** Opening Material provided block **
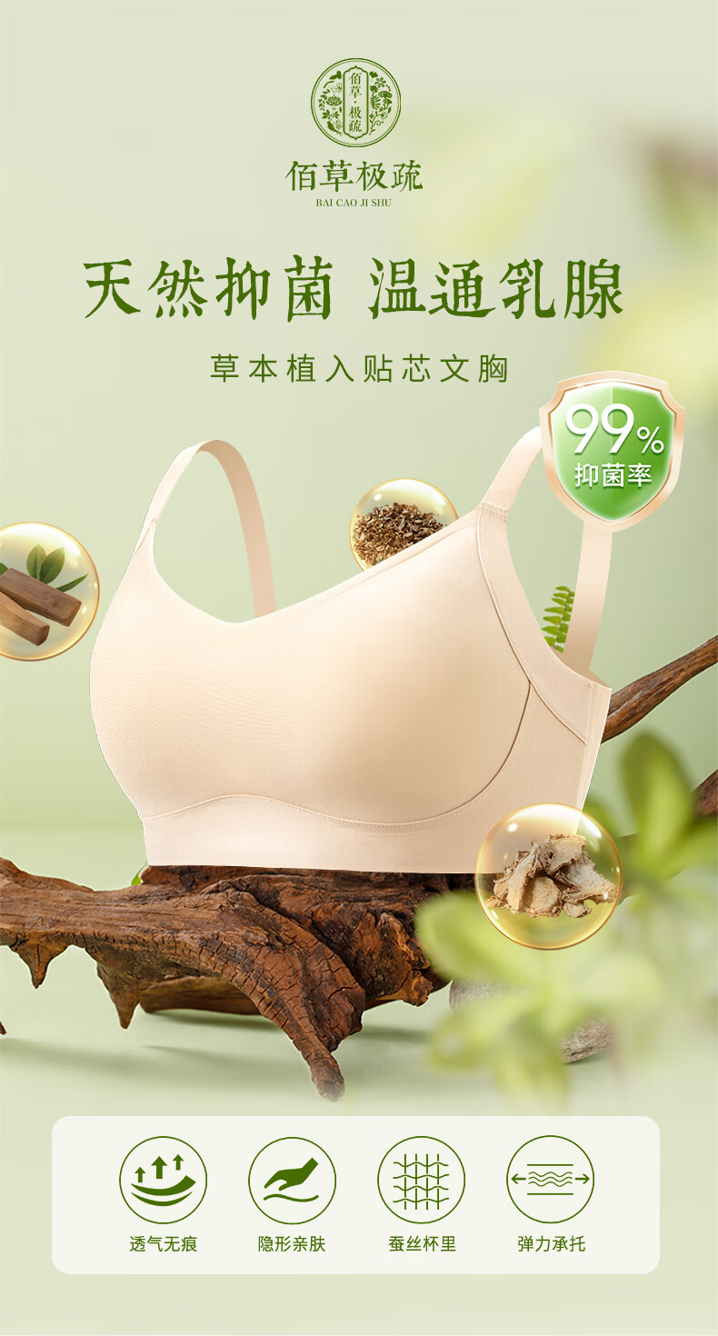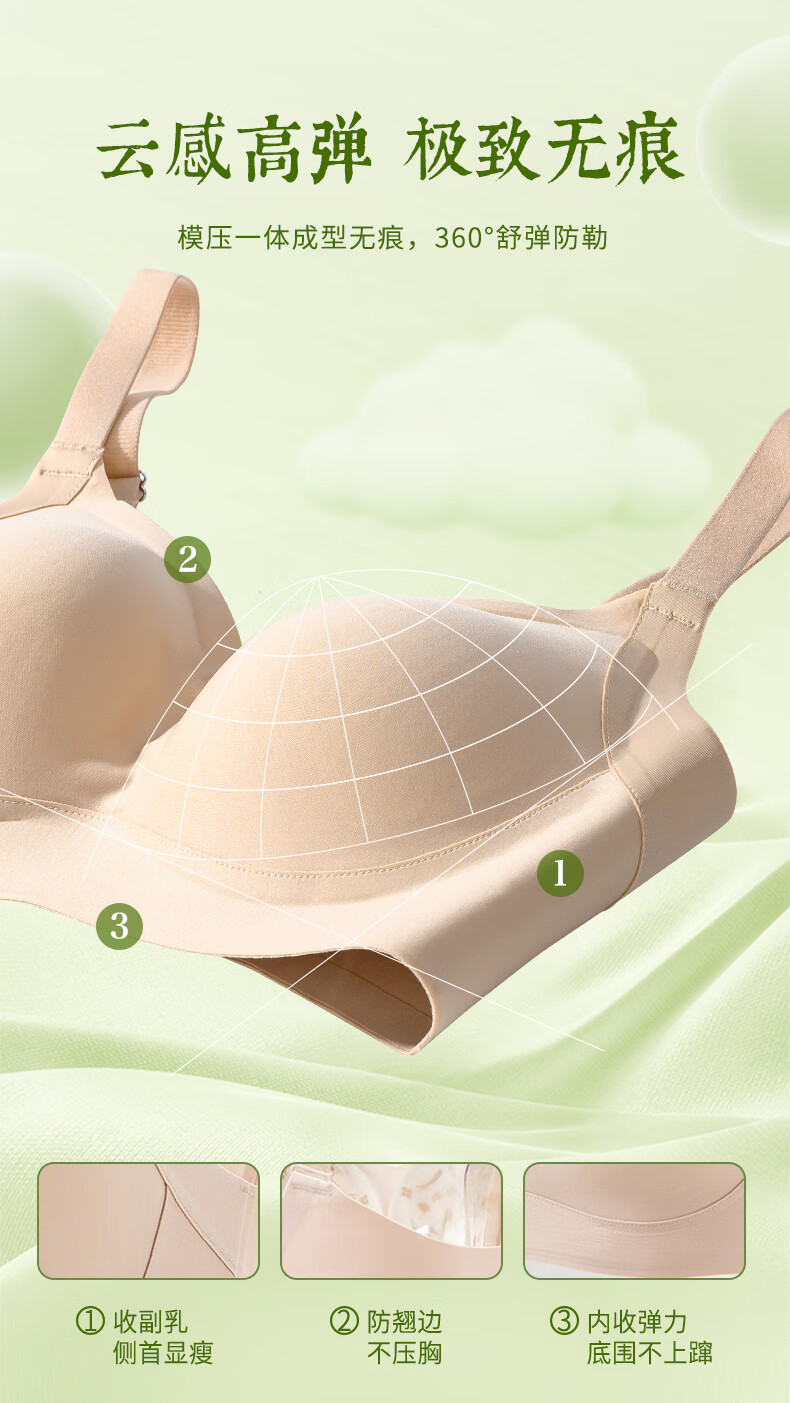 佰草极疏内衣女士文胸无痕无钢圈草本胸罩聚拢小胸显大防下垂外扩收副乳贴 贴芯罩 象牙肤【隐形亲肤】 L 【80ABC/体重105-120斤】
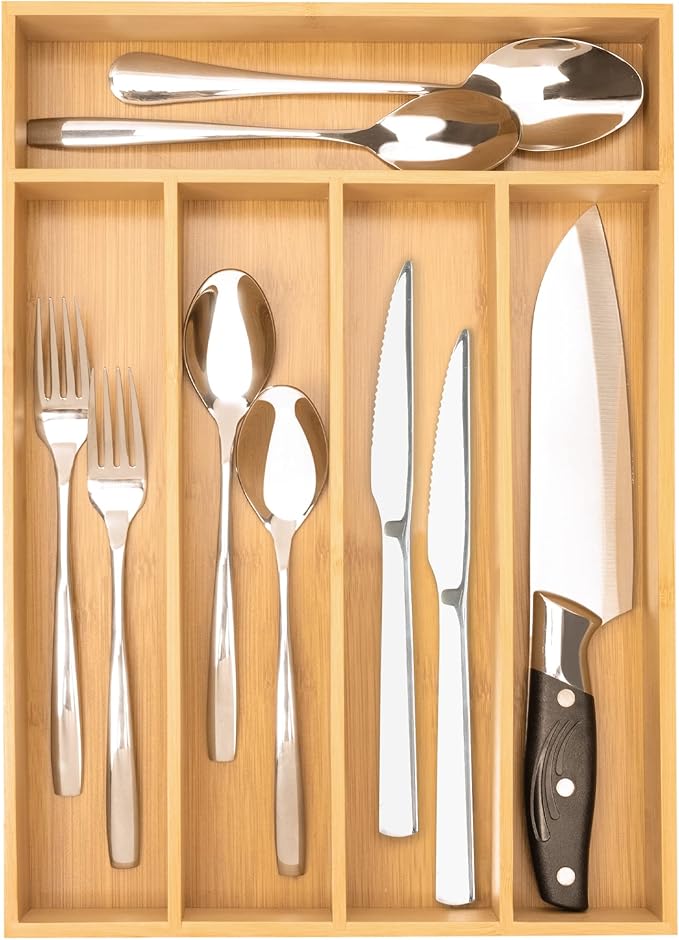 - 【Sturdy and Well-made】Our silverware tray for drawers is crafted from aged bamboo, making it highly durable for long-term use. The eco-friendly material ensures that your flatware and utensils remain resistant to water and odors. Additionally, the silverware tray's design even prevents knives from leaving scratches. Unlike plastic and metal, our bamboo kitchen drawer organizer boasts a classic and natural aesthetic. Its color and texture are 100% natural and consistent throughout, adding elegance to your kitchen.
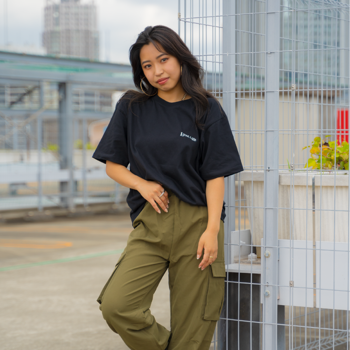 サイズやコーデによって、ストリートにも綺麗めコーデにも使える万能Tシャツです。
** Closing Material provided block **
■ **Instructions to follow**
Recopy the full listing exactly, passing over any picture.

■ **Answer area**
 佰草极疏内衣女士文胸无痕无钢圈草本胸罩聚拢小胸显大防下垂外扩收副乳贴 贴芯罩 象牙肤【隐形亲肤】 L 【80ABC/体重105-120斤】
 - 【Sturdy and Well-made】Our silverware tray for drawers is crafted from aged bamboo, making it highly durable for long-term use. The eco-friendly material ensures that your flatware and utensils remain resistant to water and odors. Additionally, the silverware tray's design even prevents knives from leaving scratches. Unlike plastic and metal, our bamboo kitchen drawer organizer boasts a classic and natural aesthetic. Its color and texture are 100% natural and consistent throughout, adding elegance to your kitchen.
 サイズやコーデによって、ストリートにも綺麗めコーデにも使える万能Tシャツです。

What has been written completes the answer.